Content starts

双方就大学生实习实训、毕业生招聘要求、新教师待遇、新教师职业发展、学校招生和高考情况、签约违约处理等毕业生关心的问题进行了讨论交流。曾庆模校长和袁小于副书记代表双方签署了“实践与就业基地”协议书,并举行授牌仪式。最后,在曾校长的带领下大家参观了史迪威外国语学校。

Content ends
Content starts

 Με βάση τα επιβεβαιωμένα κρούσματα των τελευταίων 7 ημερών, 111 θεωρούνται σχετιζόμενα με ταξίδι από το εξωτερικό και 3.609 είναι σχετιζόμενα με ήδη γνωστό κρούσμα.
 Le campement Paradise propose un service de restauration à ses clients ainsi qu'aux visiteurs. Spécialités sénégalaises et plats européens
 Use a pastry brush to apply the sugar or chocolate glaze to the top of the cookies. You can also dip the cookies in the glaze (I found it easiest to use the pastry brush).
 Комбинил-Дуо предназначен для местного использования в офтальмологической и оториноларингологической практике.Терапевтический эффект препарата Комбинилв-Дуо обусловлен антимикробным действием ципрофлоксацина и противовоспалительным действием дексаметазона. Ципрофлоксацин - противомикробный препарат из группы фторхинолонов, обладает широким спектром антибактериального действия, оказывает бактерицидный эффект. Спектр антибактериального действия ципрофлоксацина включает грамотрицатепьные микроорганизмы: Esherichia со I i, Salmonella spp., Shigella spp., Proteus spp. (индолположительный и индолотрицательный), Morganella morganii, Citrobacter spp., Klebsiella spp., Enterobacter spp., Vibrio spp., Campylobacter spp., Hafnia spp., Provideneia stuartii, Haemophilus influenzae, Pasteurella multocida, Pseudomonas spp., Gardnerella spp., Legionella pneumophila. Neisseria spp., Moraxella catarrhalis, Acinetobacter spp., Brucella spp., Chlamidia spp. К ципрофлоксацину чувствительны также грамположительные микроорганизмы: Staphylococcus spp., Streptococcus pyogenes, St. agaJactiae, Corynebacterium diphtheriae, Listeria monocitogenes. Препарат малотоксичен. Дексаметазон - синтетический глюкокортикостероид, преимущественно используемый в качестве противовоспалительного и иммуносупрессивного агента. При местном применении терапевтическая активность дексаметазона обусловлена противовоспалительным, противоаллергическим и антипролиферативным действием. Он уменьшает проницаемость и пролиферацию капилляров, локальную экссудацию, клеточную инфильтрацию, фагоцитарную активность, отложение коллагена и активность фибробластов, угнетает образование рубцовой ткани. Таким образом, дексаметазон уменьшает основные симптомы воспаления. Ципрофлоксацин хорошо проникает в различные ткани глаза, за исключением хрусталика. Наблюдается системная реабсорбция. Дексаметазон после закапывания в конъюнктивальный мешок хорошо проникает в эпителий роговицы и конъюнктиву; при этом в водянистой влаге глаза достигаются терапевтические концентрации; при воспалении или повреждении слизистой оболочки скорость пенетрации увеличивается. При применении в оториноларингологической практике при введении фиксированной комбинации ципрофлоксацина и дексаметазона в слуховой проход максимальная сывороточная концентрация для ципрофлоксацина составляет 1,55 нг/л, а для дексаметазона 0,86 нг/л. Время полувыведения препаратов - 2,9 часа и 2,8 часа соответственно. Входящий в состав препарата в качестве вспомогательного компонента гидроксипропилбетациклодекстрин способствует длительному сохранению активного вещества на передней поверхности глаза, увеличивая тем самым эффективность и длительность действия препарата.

Content ends

Please output exactly the lines between the one holding "Με βάση τα επιβεβαιωμένα" and the one holding "Use a pastry" in the records above, inclusive, and nothing more.

Solution to the problem ▸
 Με βάση τα επιβεβαιωμένα κρούσματα των τελευταίων 7 ημερών, 111 θεωρούνται σχετιζόμενα με ταξίδι από το εξωτερικό και 3.609 είναι σχετιζόμενα με ήδη γνωστό κρούσμα.
 Le campement Paradise propose un service de restauration à ses clients ainsi qu'aux visiteurs. Spécialités sénégalaises et plats européens
 Use a pastry brush to apply the sugar or chocolate glaze to the top of the cookies. You can also dip the cookies in the glaze (I found it easiest to use the pastry brush).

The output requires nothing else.